2. Set Clear Expectations
As a sales leader, you know exactly what success looks like for your role. During sales training for a new rep, define what success “looks like” for them too. How many bookings should they have? By when? Once these metrics are defined, all other behaviors will branch off of those, such as required activity levels.
3. Make Sure They’re Comfortable in the Systems
Remember to spend some time on the technology systems your team uses. How should they be recording information in the CRM? How will they find their leads and data? The reality of modern sales organizations is that everyone spends most of their day using technology systems. Don’t assume new reps understand how to use them or will just figure it out.
4. Focus on High-Value Activities
Spend most of your time training on the tasks and behaviors that will yield the highest results. No “majoring in the minors.” A sales rep can have all of the product knowledge in the world, but if they aren’t trained on managing their day and focusing on sales activities, that knowledge is wasted. Determine and communicate which activities are the highest value at your company. Then, you can back those high-value activities into your rep’s goals in order to optimize their time.
Applying the Pareto Principle to Sales Training 101: The Pareto Principle (aka the 80/20 Rule) is an observation that there’s usually an uneven relationship between inputs and outputs. In other words – in a business context – 80% of the results come from 20% of the efforts.
5. Teach with Themed Modules
Module-based training is the easiest way to communicate complex concepts to a sales training class while keeping it on topic. Each module should be focused around a specific topic like technology systems, objection handling, competitive positioning, or KPIs for the role. Each of these should be their own module and refined over time.
6. Test Their Knowledge with Themed Modules
Once you have a module-based training program set up, consider using short quizzes to gauge knowledge retention. These will be especially important for the complex parts of their role. Like the modules are organized, make your (low-pressure) quizzes a natural endpoint for each topic. For example, once you’ve completed the objection handling module, ask your new reps to do a “rapid-fire” objection response exercise with each other.
7. Intentional Repetition
Layer in concepts over time as opposed to touching on points randomly and only once. If you’re covering product features, for example, weave those learning points into your mock sales conversations so the trainees are hearing about the specifics of the products over and over again from different angles.
Connect your company’s story and sales talking points throughout the training experience.
8. Get Feedback from Trainees
Like your company does with its customers, seek feedback from your sales trainees. Ask how prepared they feel before hitting the phones for live calls. Ask new reps who have completed training how they liked the program and what they would change. Use this feedback to improve and even involve new reps in future training sessions.

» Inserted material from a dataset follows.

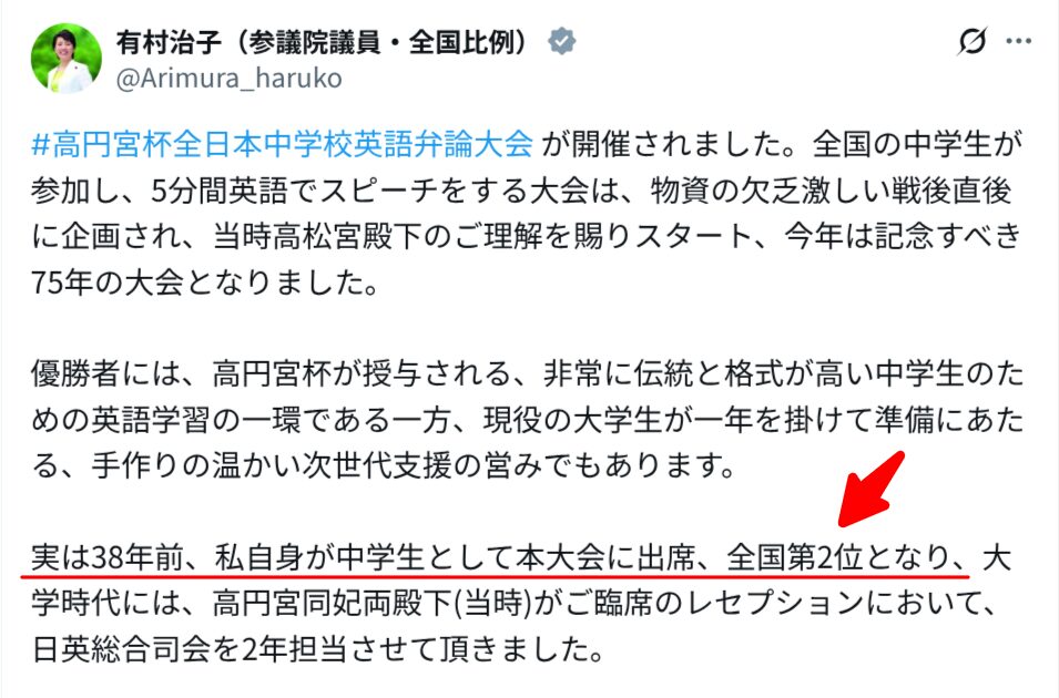 ただ、15歳の時に「全日本中学校英語弁論大会」に出場し、全国2位に入賞したそうです。⇩

9. Create an “Incubation” Period
Consider having heavy oversight and support ready for your newly trained reps over the first few months of them being in the role. As effective as sales training can be, they are human and will forget things that were trained in their first month. You will also find scenarios pop up that didn’t make their way into the sales training manual that must be covered as a one-off. This incubation period will help to address these scenarios.
Bonus: Have fun!
Your new reps will be more receptive to the training and retain more information if you deliver it in a way that is both fun and inviting. The last thing you want is a room of crickets when you’re covering a topic. You want the class to be conversational and share as the training goes on. Offer incentive-based competitions. Bring in guest speakers. Whatever it takes to keep them engaged with each other and the company.
Engaged trainees will make stronger sales representatives, and stronger sales reps become high-performance leaders like you. Have fun and keep things light. It’s that simple.